(Beginning of Dataset)
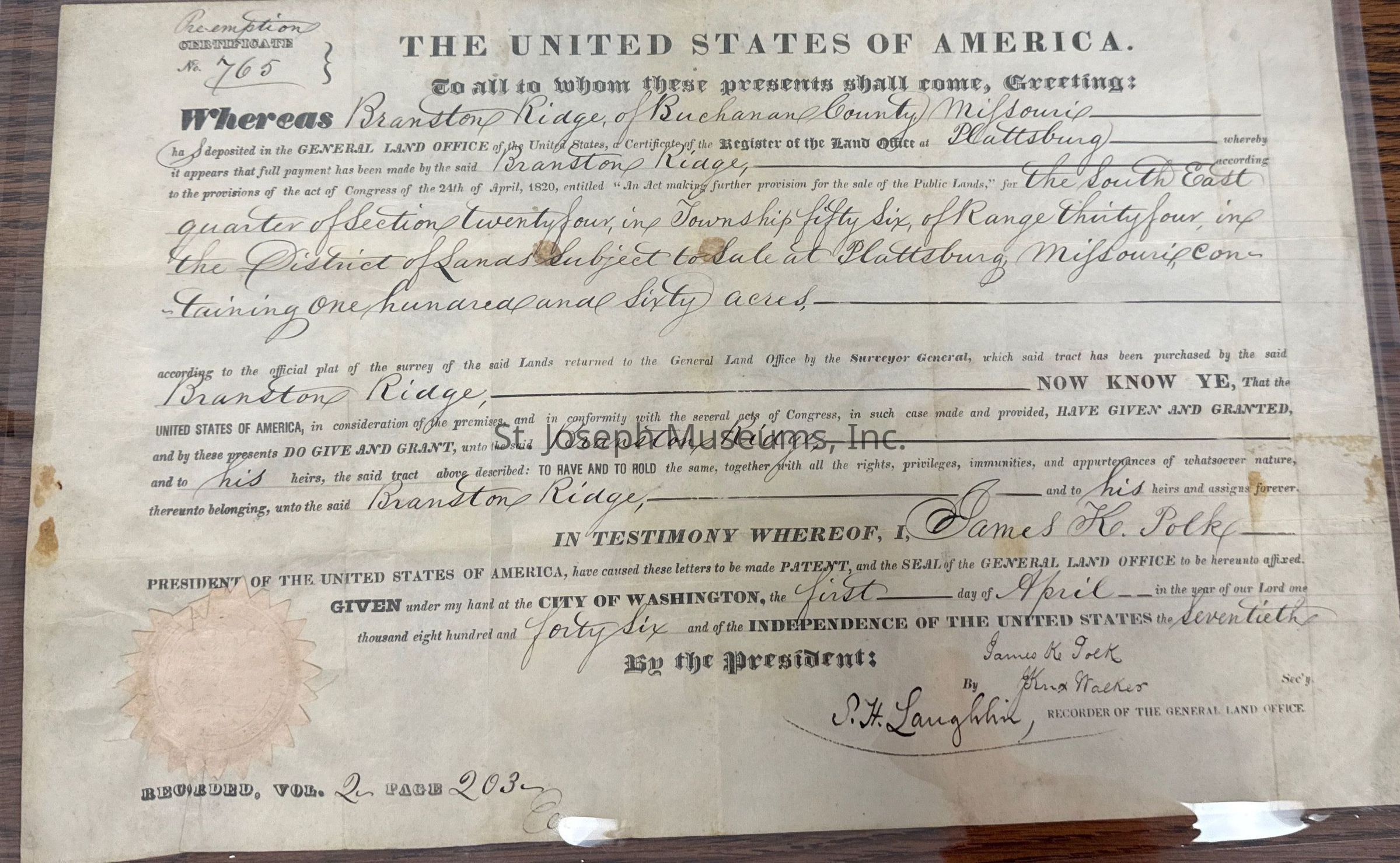 Land Grant Number 765 To Branston Ridge Of Buchanan County for the Southeast quarter of section 24 in township 56 of range 34 containing 160 acres.Dated April 1 1846.Lexicon
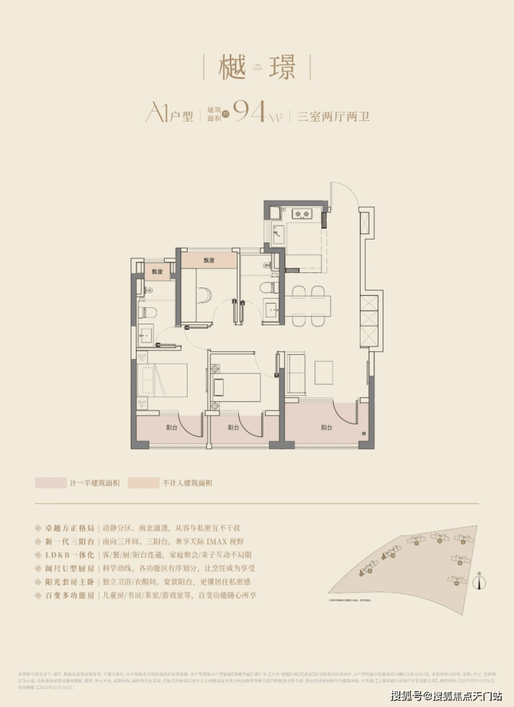在这里,高层建面约94㎡户型做到了惊人的三阳台,对比同板块内以前的标杆小区,同面积段户型只做了1个阳台。不仅数量发生质的变化,实得面积也大大增加。
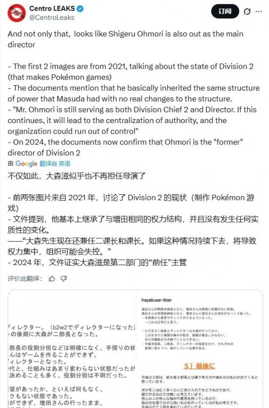 而最劲爆的还在后面:文件显示,大森滋已在2024年被调离第二事业部总监一职——这个部门正是专门负责宝可梦正统作品的开发。这意味着,统治了宝可梦26年的两位总监时代,正式落幕。
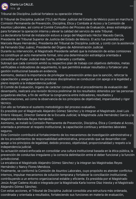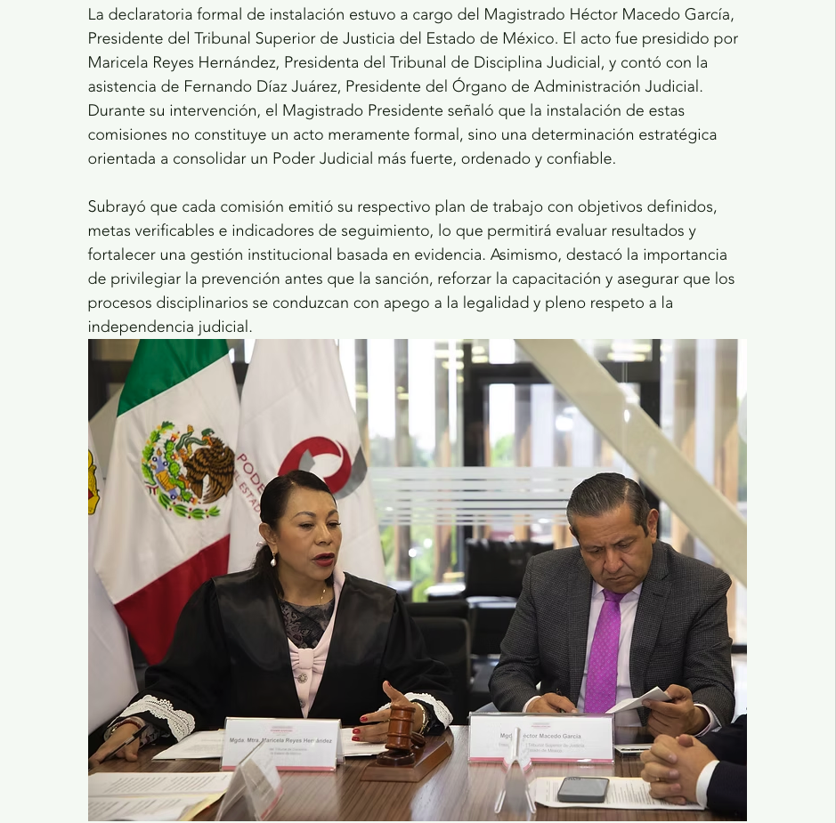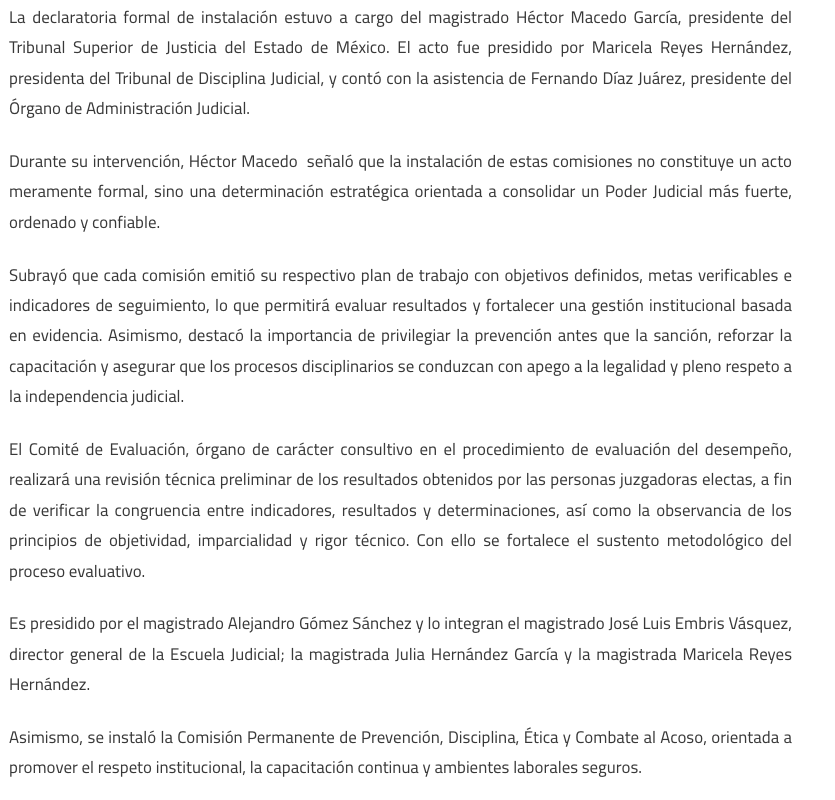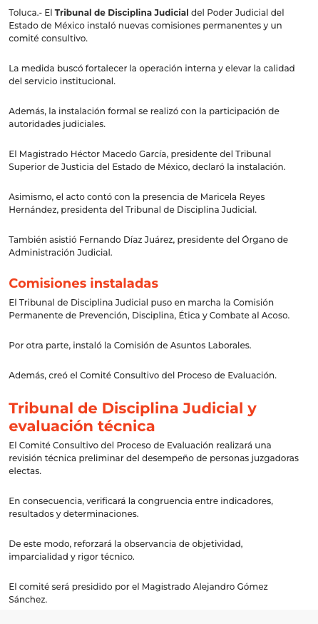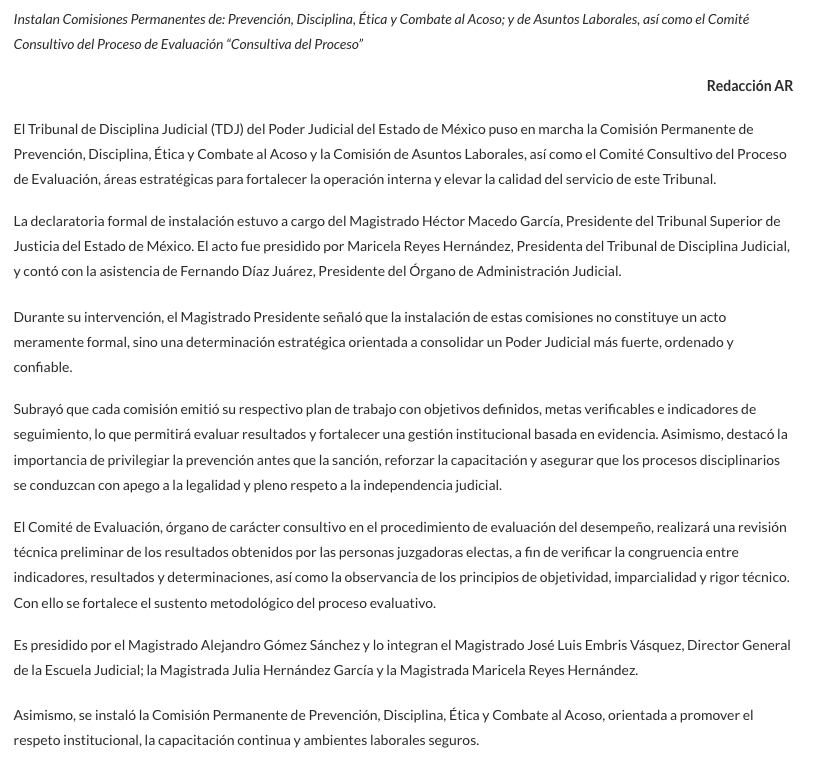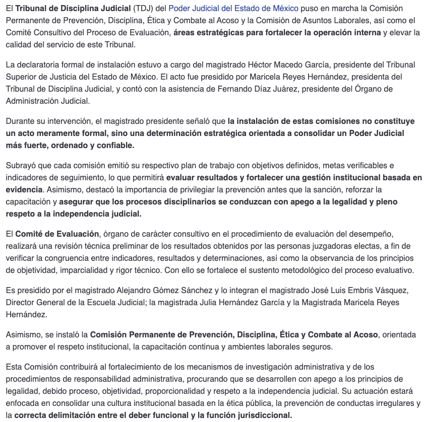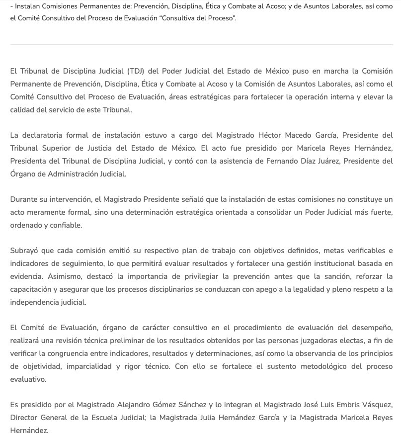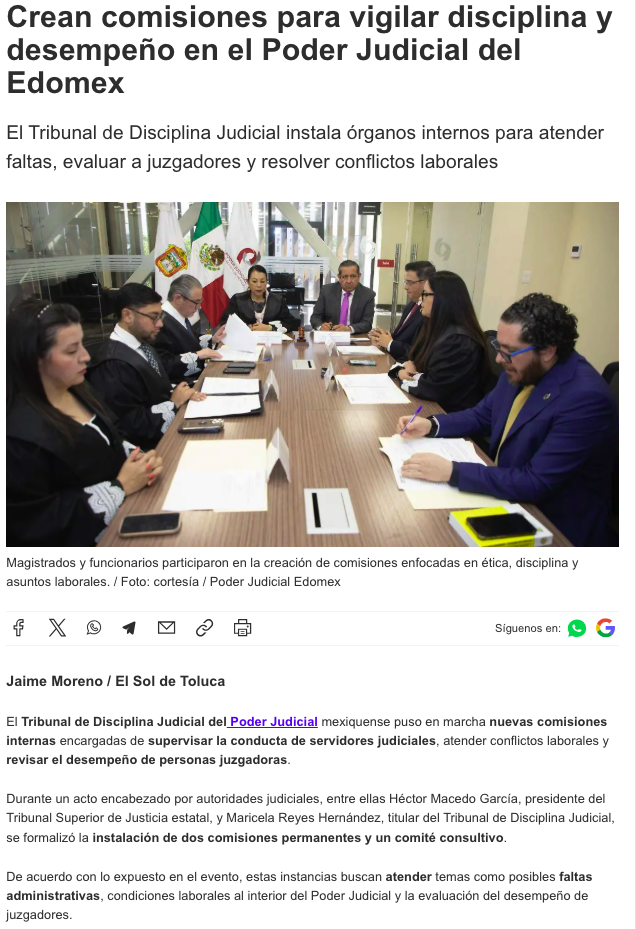 - https://oem.com.mx/elsoldetoluca/local/crean-comisiones-para-vigilar-disciplina-y-desempeno-en-el-poder-judicial-del-edomex-28480064
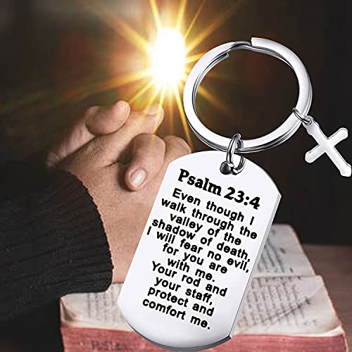 FUSTMW Psalm 23:4 Bible Verse Dog Tag Keyring/Necklace Christian Jewelry Religious Inspirational Gift 4
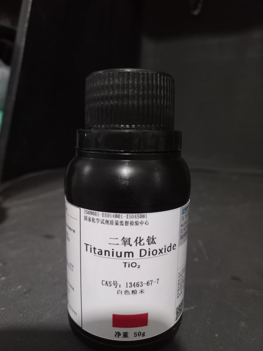 Titanium Dioxide sering dipakai dalam penelitian sebagai fotokatalis untuk degradasi polutan atau material energi terbarukan.
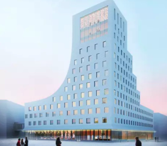 Det nya hotellet kommer att omfatta ca 230 rum, konferens- och mötesrum, restaurang samt skybar och gym på den översta våningen.
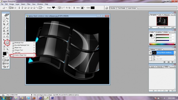 ১. ১ম Custom Shape Tools এ ক্লিক করুন।এরপর Custom Shape Tools ক্লিক করুন।নিচের ছবি দেখেন।
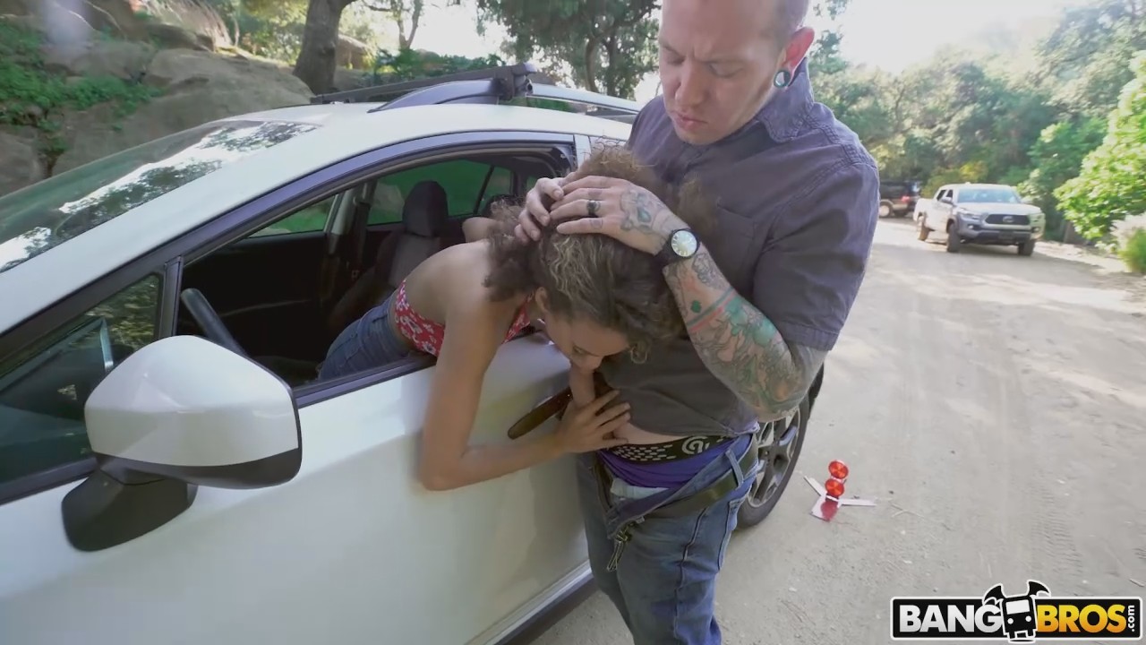 Друзья катаются по загородной дороге и обсуждают девчонок, которых здесь ну очень много. Доказательством тому одна из таких попросила помочь с машиной, которая заглохла по пути и не реагирует на ключ зажигания. Остановившийся водитель ну вообще не механик, потому просто попялился под капот и не смог выдать вразумительного предположения. На самом деле негритяночке нужно совсем другое, она высунула голову из окна и попросила хотя бы пососать, а лучше поебать ее прямо на тачке и рядом на земле, да где угодно, лишь бы это сделал кто-нибудь. Товарищ с камерой поддержал идею и остался в стороне смотреть как приятель натягивает шикарную бейбу на рожок.
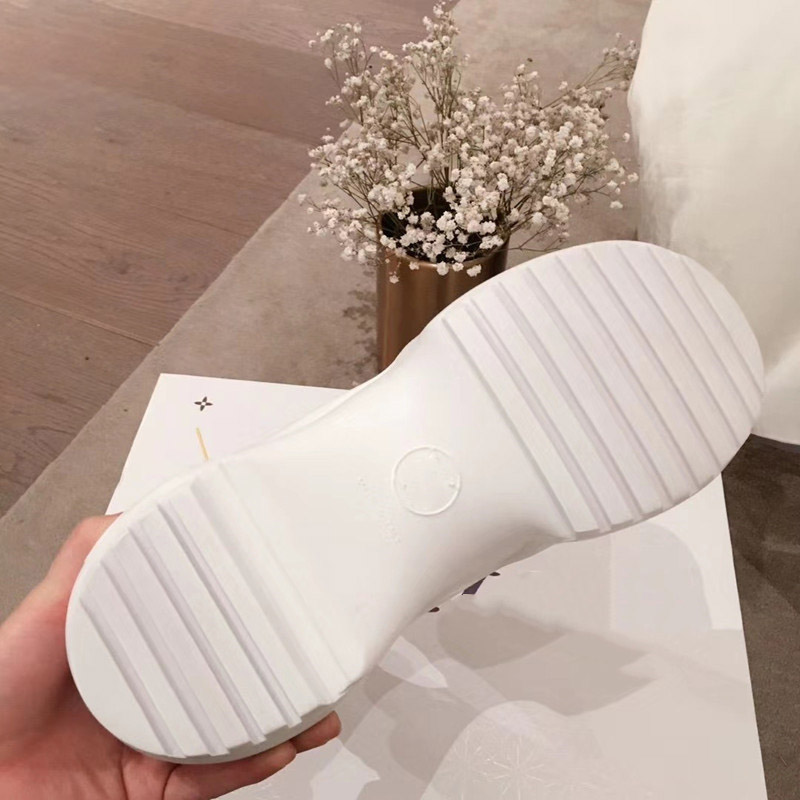 Popular elements: muffin heel, waterproof table, leather splicing, candy color
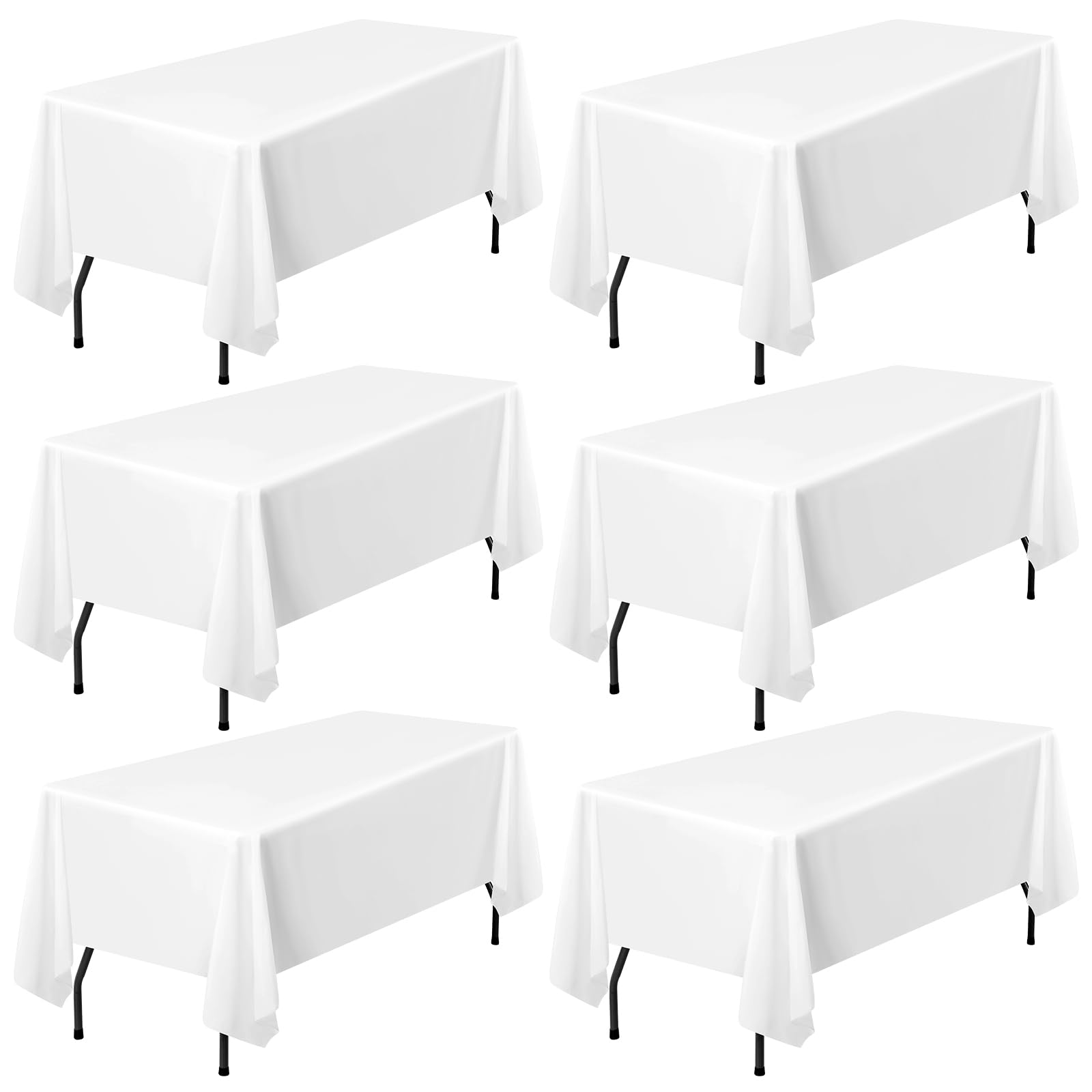 - Package Included: White Tablecloths for Rectangle Tables measures 𝟔𝟎*𝟏𝟎𝟐𝐢𝐧𝐜𝐡. Fits all standard up to 6ft tables. you will get pack of 6 Premium Polyester Rectangle Tablecloths,Budget Friendly, Durable for repeat use.
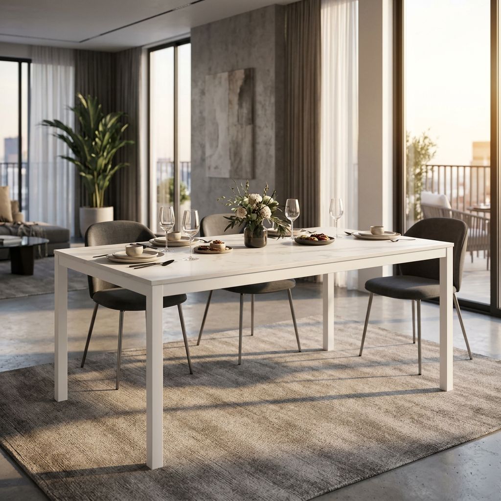 Il tavolo da pranzo moderno HERA è disponibile in 4 colori e in 5 dimensioni diverse: antracite, quercia chiaro, effetto marmo e bianco, da 110x70 cm, 120x80 cm, 140x80 cm, 160x90 cm e 90x90 cm.
(End of Dataset)
▶ **Exercise brief**
Return each line of the data, keeping its wording exact and omitting pictures.

▶ **Output of the task**
 Land Grant Number 765 To Branston Ridge Of Buchanan County for the Southeast quarter of section 24 in township 56 of range 34 containing 160 acres.Dated April 1 1846.Lexicon
在这里,高层建面约94㎡户型做到了惊人的三阳台,对比同板块内以前的标杆小区,同面积段户型只做了1个阳台。不仅数量发生质的变化,实得面积也大大增加。
 而最劲爆的还在后面:文件显示,大森滋已在2024年被调离第二事业部总监一职——这个部门正是专门负责宝可梦正统作品的开发。这意味着,统治了宝可梦26年的两位总监时代,正式落幕。
 - https://oem.com.mx/elsoldetoluca/local/crean-comisiones-para-vigilar-disciplina-y-desempeno-en-el-poder-judicial-del-edomex-28480064
 FUSTMW Psalm 23:4 Bible Verse Dog Tag Keyring/Necklace Christian Jewelry Religious Inspirational Gift 4
 Titanium Dioxide sering dipakai dalam penelitian sebagai fotokatalis untuk degradasi polutan atau material energi terbarukan.
 Det nya hotellet kommer att omfatta ca 230 rum, konferens- och mötesrum, restaurang samt skybar och gym på den översta våningen.
 ১. ১ম Custom Shape Tools এ ক্লিক করুন।এরপর Custom Shape Tools ক্লিক করুন।নিচের ছবি দেখেন।
 Друзья катаются по загородной дороге и обсуждают девчонок, которых здесь ну очень много. Доказательством тому одна из таких попросила помочь с машиной, которая заглохла по пути и не реагирует на ключ зажигания. Остановившийся водитель ну вообще не механик, потому просто попялился под капот и не смог выдать вразумительного предположения. На самом деле негритяночке нужно совсем другое, она высунула голову из окна и попросила хотя бы пососать, а лучше поебать ее прямо на тачке и рядом на земле, да где угодно, лишь бы это сделал кто-нибудь. Товарищ с камерой поддержал идею и остался в стороне смотреть как приятель натягивает шикарную бейбу на рожок.
 Popular elements: muffin heel, waterproof table, leather splicing, candy color
 - Package Included: White Tablecloths for Rectangle Tables measures 𝟔𝟎*𝟏𝟎𝟐𝐢𝐧𝐜𝐡. Fits all standard up to 6ft tables. you will get pack of 6 Premium Polyester Rectangle Tablecloths,Budget Friendly, Durable for repeat use.
 Il tavolo da pranzo moderno HERA è disponibile in 4 colori e in 5 dimensioni diverse: antracite, quercia chiaro, effetto marmo e bianco, da 110x70 cm, 120x80 cm, 140x80 cm, 160x90 cm e 90x90 cm.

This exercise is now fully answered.